▶ _EXERCISE_
Find all lines in the records that include the word "hospitales", and copy them out.

▶ _INPUT RECORDS_
= = = = =
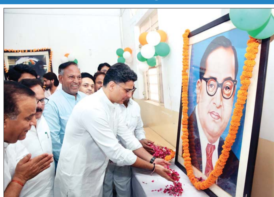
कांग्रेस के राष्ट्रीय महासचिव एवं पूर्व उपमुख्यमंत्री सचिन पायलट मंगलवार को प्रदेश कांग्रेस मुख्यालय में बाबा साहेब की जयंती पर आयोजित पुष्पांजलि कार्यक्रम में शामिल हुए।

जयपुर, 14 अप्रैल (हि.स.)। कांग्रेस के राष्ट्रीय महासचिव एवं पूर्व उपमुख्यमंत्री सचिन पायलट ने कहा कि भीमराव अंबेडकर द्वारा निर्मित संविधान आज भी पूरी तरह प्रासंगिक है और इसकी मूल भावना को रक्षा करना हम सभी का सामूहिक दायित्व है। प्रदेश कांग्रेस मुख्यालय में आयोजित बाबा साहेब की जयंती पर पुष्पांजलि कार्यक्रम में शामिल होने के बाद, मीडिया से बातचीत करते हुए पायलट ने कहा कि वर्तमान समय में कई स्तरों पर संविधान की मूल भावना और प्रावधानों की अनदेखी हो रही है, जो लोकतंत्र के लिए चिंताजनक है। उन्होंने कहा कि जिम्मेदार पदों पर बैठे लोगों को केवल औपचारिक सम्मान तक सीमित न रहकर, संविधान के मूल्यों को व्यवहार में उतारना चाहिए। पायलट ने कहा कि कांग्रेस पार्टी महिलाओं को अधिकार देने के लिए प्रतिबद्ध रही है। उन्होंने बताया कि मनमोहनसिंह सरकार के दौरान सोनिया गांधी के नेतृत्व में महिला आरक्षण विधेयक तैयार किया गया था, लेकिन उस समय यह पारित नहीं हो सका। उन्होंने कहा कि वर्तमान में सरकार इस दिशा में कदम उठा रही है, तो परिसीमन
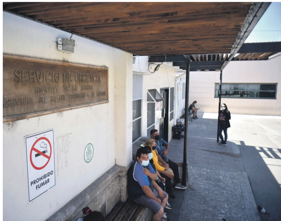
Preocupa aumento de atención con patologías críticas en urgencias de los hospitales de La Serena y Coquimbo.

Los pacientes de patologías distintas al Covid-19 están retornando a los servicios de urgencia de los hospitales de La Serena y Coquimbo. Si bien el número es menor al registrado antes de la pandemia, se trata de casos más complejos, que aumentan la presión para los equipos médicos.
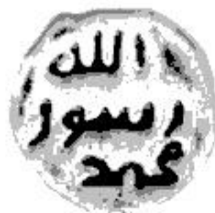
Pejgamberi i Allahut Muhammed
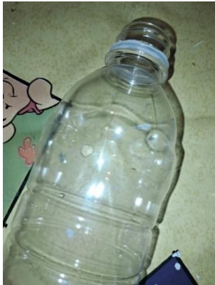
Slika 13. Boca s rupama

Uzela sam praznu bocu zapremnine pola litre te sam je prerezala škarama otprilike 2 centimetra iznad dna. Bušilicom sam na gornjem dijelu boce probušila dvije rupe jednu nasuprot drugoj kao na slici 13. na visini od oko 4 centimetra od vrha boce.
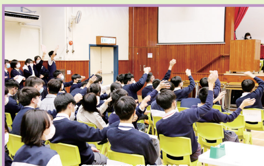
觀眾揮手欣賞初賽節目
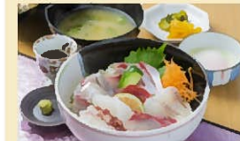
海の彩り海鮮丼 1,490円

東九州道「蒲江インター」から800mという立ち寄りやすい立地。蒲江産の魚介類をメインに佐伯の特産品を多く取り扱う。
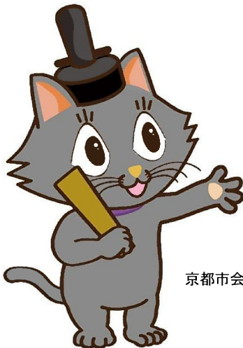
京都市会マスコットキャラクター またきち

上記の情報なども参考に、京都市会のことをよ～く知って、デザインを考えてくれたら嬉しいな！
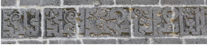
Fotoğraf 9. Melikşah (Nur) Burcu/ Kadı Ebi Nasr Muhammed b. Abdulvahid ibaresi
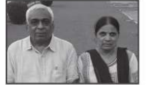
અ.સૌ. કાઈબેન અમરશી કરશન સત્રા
= = = = =
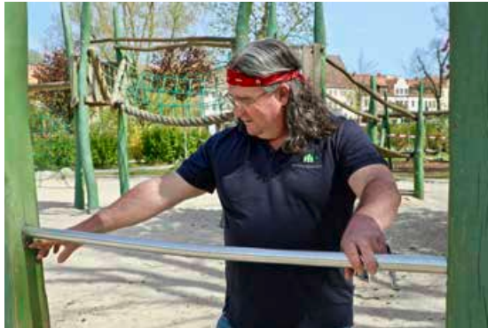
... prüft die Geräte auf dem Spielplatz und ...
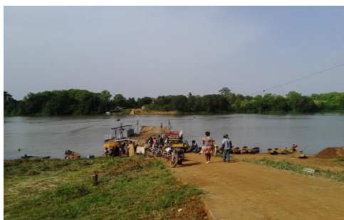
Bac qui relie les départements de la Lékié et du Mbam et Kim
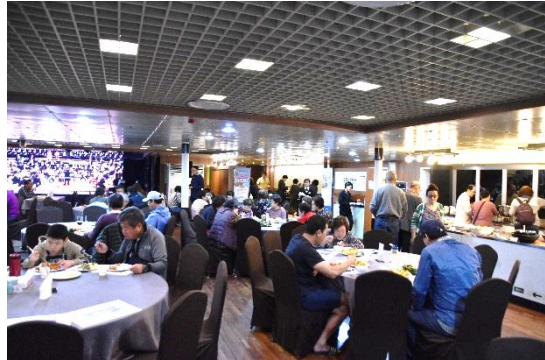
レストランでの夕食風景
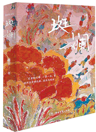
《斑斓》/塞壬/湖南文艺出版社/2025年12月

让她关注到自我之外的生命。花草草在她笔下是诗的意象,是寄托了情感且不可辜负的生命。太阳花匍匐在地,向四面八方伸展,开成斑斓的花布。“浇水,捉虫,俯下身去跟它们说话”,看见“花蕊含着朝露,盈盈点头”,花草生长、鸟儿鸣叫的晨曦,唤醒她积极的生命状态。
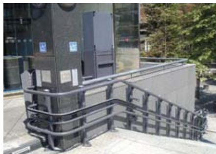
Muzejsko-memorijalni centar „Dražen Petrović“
= = = = =
▶ _WRITTEN ANSWER_
Preocupa aumento de atención con patologías críticas en urgencias de los hospitales de La Serena y Coquimbo.
Los pacientes de patologías distintas al Covid-19 están retornando a los servicios de urgencia de los hospitales de La Serena y Coquimbo. Si bien el número es menor al registrado antes de la pandemia, se trata de casos más complejos, que aumentan la presión para los equipos médicos.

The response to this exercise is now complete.